▸ Action item:
Could you retype the records below exactly as they appear, skipping any pictures?

▸ Given data:
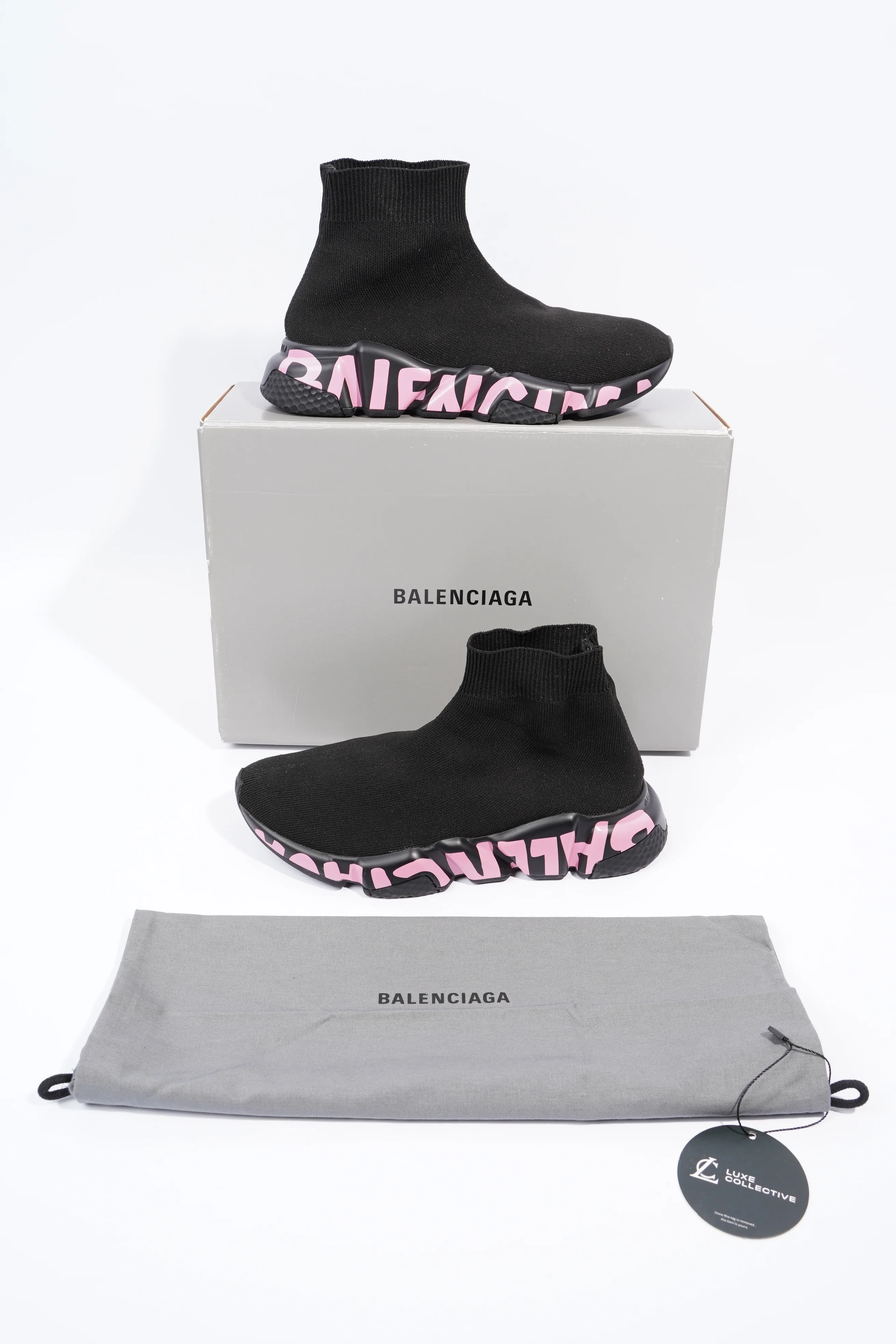 Balenciaga Speed Black / Pink Logo Print Cotton EU 37 UK 4
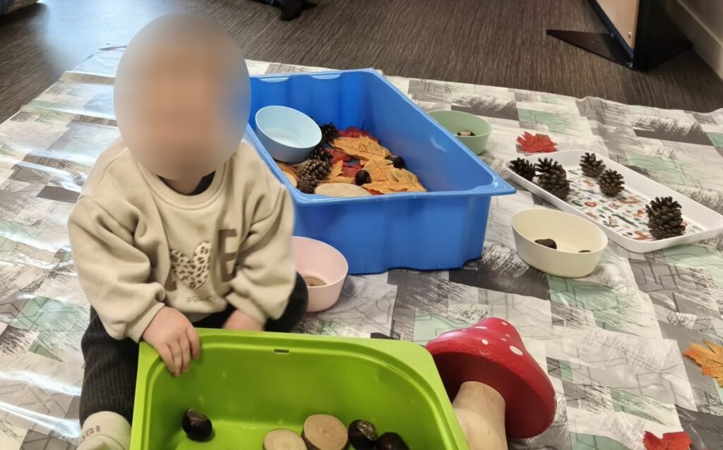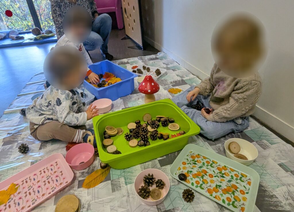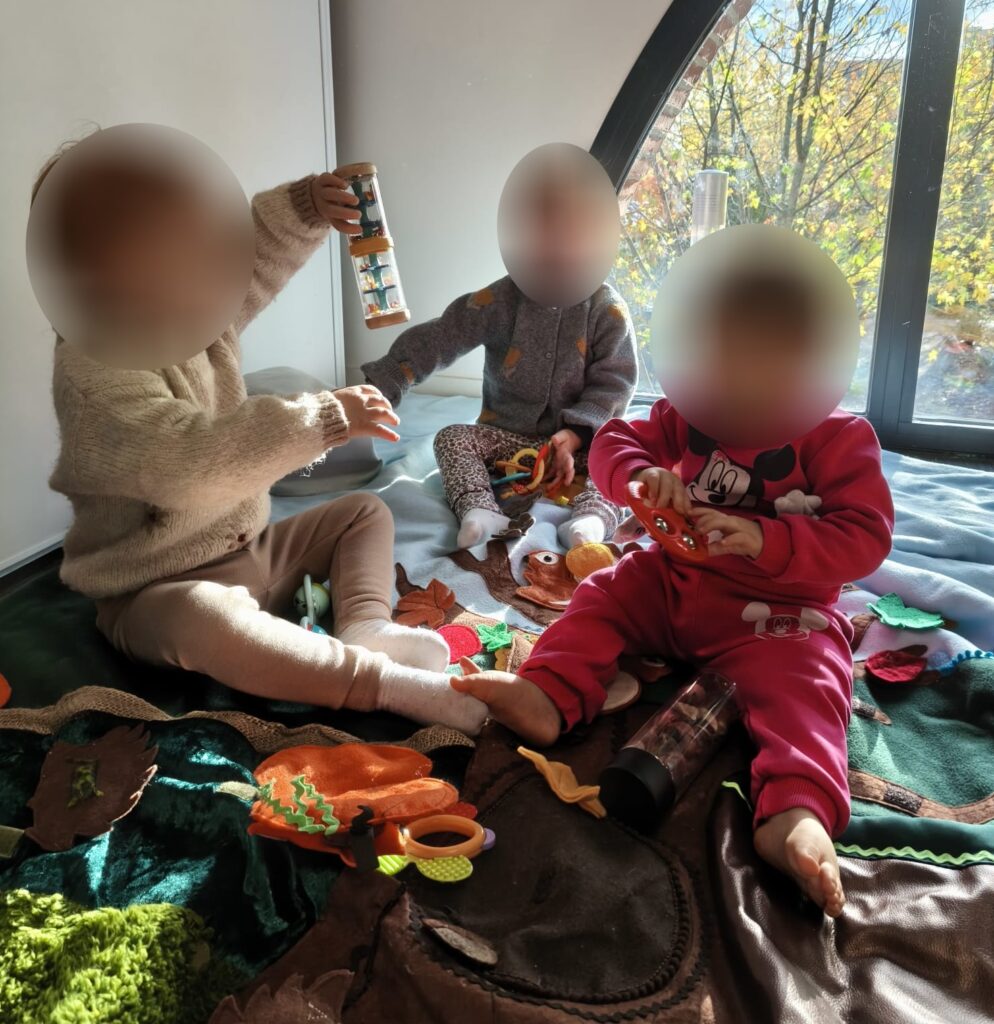 Le bac sensoriel débordait de pommes de pin, marrons, bois et feuilles d’automne. Les enfants les ont touchés, triés, transvasés, et nous avons fait pleuvoir une cascade de feuilles. En manipulant toutes ces textures naturelles, ils affinaient leurs gestes sans même s’en rendre compte. Une véritable exploration libre, qui les invite à observer, comparer et expérimenter.
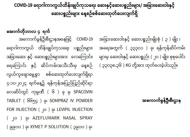 COVID-19 ရောဂါကာကွယ်ထိန်းချုပ် ကုသရေး ဆေးနှင့်ဆေးပစ္စည်းများ နေ့စဉ်စစ်ဆေး ထုတ်ပေး လျက်ရှိ
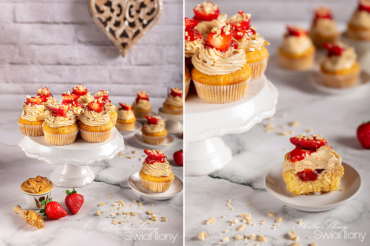 Na nadchodzący weekend mam dla Was fajny przepis na pyszne babeczki orzechowo – truskawkowe… Babeczki są mięciutkie i puszyste, nadziane po upieczeniu dżemem truskawkowym. Krem natomiast jest cięższy, maślany i orzechowy, zwieńczony kolejną, malutką porcją dżemu i soczystymi, słodkimi truskawkami.
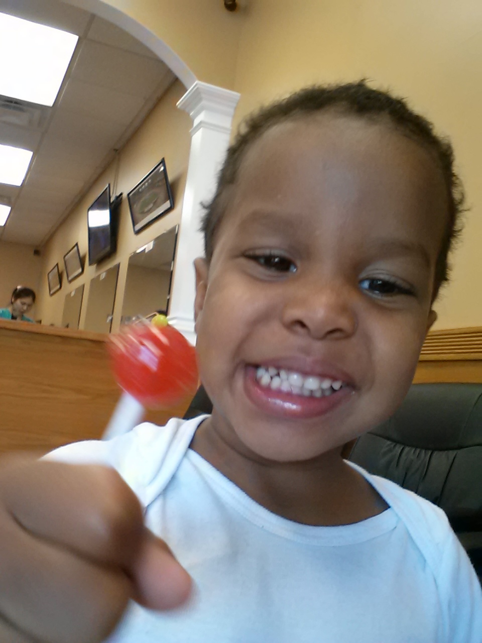 He was more excited about the lollipop than posing for the camera…
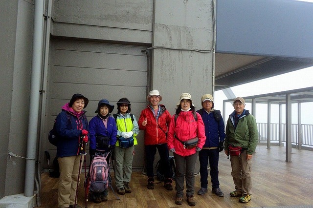 霧も濃く時折霧雨。風も強く寒い状況で「悪天候を押して神山へ行くの??」の声も。
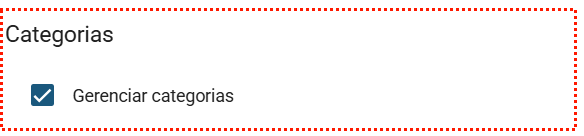 - Gerenciar categorias: Usuários com esta permissão, tem acesso a aba "Categorias" e podem: Cadastrar/Editar/Remover/Ativar ou Inativar uma categoria.

▸ Response for this exercise:
 Balenciaga Speed Black / Pink Logo Print Cotton EU 37 UK 4
 Le bac sensoriel débordait de pommes de pin, marrons, bois et feuilles d’automne. Les enfants les ont touchés, triés, transvasés, et nous avons fait pleuvoir une cascade de feuilles. En manipulant toutes ces textures naturelles, ils affinaient leurs gestes sans même s’en rendre compte. Une véritable exploration libre, qui les invite à observer, comparer et expérimenter.
 COVID-19 ရောဂါကာကွယ်ထိန်းချုပ် ကုသရေး ဆေးနှင့်ဆေးပစ္စည်းများ နေ့စဉ်စစ်ဆေး ထုတ်ပေး လျက်ရှိ
 Na nadchodzący weekend mam dla Was fajny przepis na pyszne babeczki orzechowo – truskawkowe… Babeczki są mięciutkie i puszyste, nadziane po upieczeniu dżemem truskawkowym. Krem natomiast jest cięższy, maślany i orzechowy, zwieńczony kolejną, malutką porcją dżemu i soczystymi, słodkimi truskawkami.
 He was more excited about the lollipop than posing for the camera…
 霧も濃く時折霧雨。風も強く寒い状況で「悪天候を押して神山へ行くの??」の声も。
 - Gerenciar categorias: Usuários com esta permissão, tem acesso a aba "Categorias" e podem: Cadastrar/Editar/Remover/Ativar ou Inativar uma categoria.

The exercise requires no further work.